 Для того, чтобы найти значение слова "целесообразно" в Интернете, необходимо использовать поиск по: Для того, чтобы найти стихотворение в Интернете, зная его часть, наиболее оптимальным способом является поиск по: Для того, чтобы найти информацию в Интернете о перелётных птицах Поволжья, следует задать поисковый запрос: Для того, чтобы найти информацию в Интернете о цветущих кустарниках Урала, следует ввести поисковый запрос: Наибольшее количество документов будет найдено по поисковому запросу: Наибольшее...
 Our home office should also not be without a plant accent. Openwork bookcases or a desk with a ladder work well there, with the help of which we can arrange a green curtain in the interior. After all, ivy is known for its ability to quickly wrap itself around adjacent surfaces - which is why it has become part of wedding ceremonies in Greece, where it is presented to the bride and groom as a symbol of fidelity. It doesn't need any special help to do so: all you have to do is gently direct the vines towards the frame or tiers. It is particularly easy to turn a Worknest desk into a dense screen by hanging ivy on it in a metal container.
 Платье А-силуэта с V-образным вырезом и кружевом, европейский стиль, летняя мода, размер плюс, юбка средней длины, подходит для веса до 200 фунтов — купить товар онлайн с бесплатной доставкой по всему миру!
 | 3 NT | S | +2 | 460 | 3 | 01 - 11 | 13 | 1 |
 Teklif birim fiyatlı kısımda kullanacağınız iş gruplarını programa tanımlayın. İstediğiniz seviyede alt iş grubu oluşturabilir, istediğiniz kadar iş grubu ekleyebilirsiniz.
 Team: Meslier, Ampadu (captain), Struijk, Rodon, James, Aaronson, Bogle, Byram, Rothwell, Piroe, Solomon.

+---+

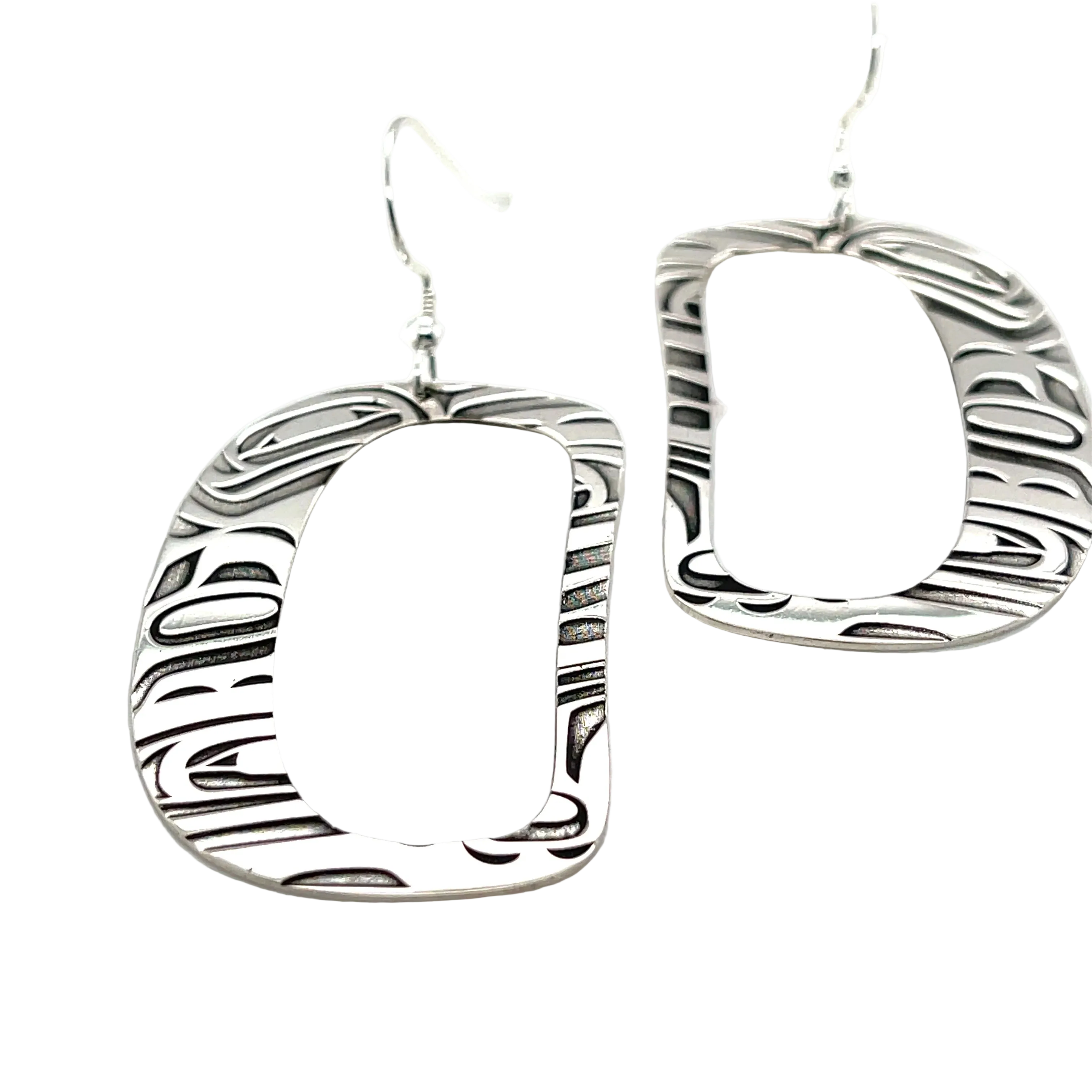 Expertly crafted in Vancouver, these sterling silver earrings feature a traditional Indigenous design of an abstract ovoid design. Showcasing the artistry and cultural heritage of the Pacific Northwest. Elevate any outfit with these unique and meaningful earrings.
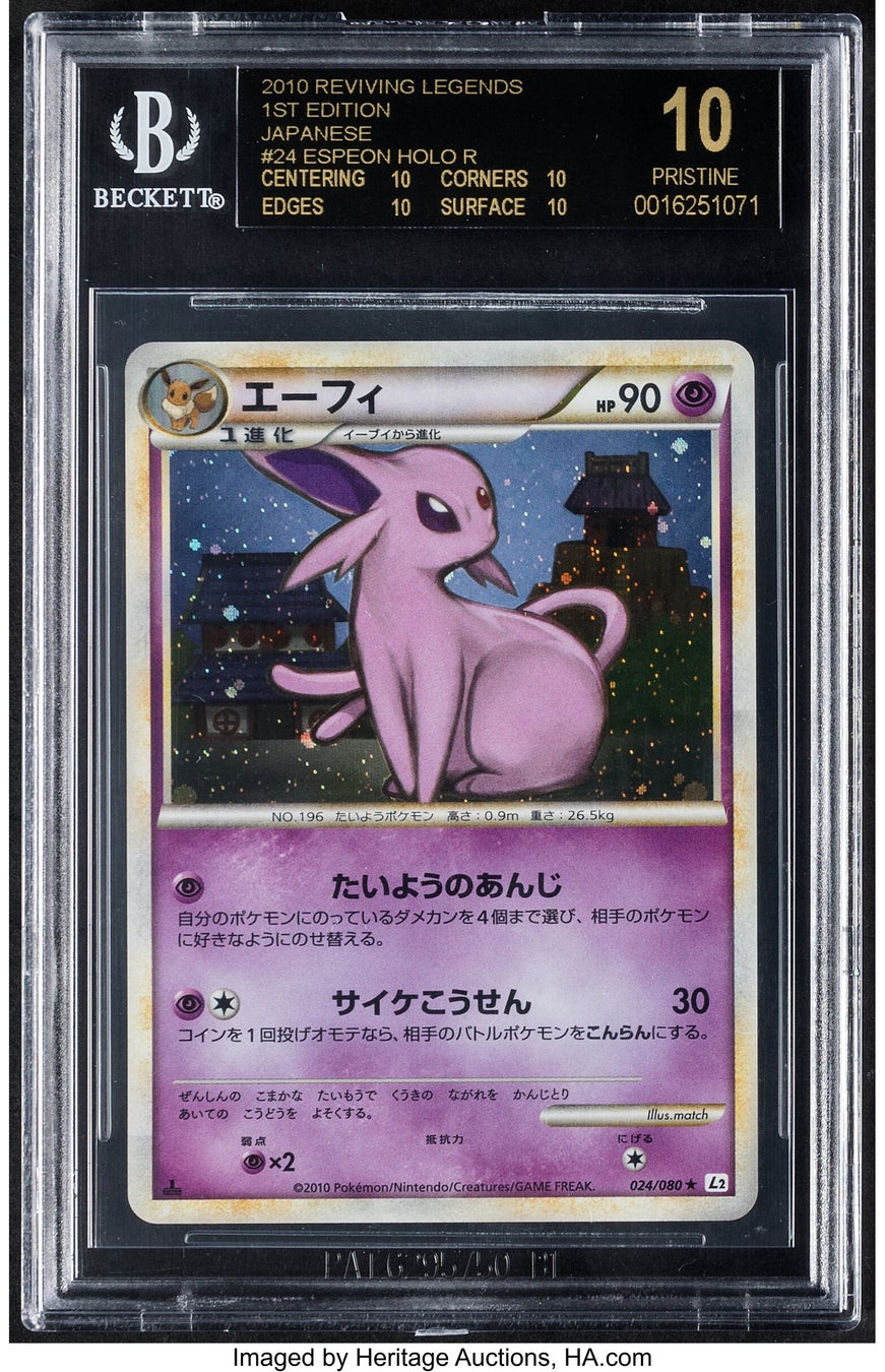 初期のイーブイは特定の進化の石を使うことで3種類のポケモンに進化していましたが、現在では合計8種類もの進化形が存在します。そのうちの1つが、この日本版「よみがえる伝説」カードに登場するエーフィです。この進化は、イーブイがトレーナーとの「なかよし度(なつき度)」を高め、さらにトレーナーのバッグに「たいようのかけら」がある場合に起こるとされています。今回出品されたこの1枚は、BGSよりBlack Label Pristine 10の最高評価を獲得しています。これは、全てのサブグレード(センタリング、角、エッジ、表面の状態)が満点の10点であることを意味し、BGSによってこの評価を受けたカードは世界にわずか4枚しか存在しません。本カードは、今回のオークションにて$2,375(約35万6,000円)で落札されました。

+---+

**YOUR INSTRUCTIONS**
The line above containing "Платье А-силуэта с", the line containing "Team: Meslier, Ampadu", and every line between them are to be transcribed exactly; no other line is wanted.

**FINAL ANSWER**
 Платье А-силуэта с V-образным вырезом и кружевом, европейский стиль, летняя мода, размер плюс, юбка средней длины, подходит для веса до 200 фунтов — купить товар онлайн с бесплатной доставкой по всему миру!
 | 3 NT | S | +2 | 460 | 3 | 01 - 11 | 13 | 1 |
 Teklif birim fiyatlı kısımda kullanacağınız iş gruplarını programa tanımlayın. İstediğiniz seviyede alt iş grubu oluşturabilir, istediğiniz kadar iş grubu ekleyebilirsiniz.
 Team: Meslier, Ampadu (captain), Struijk, Rodon, James, Aaronson, Bogle, Byram, Rothwell, Piroe, Solomon.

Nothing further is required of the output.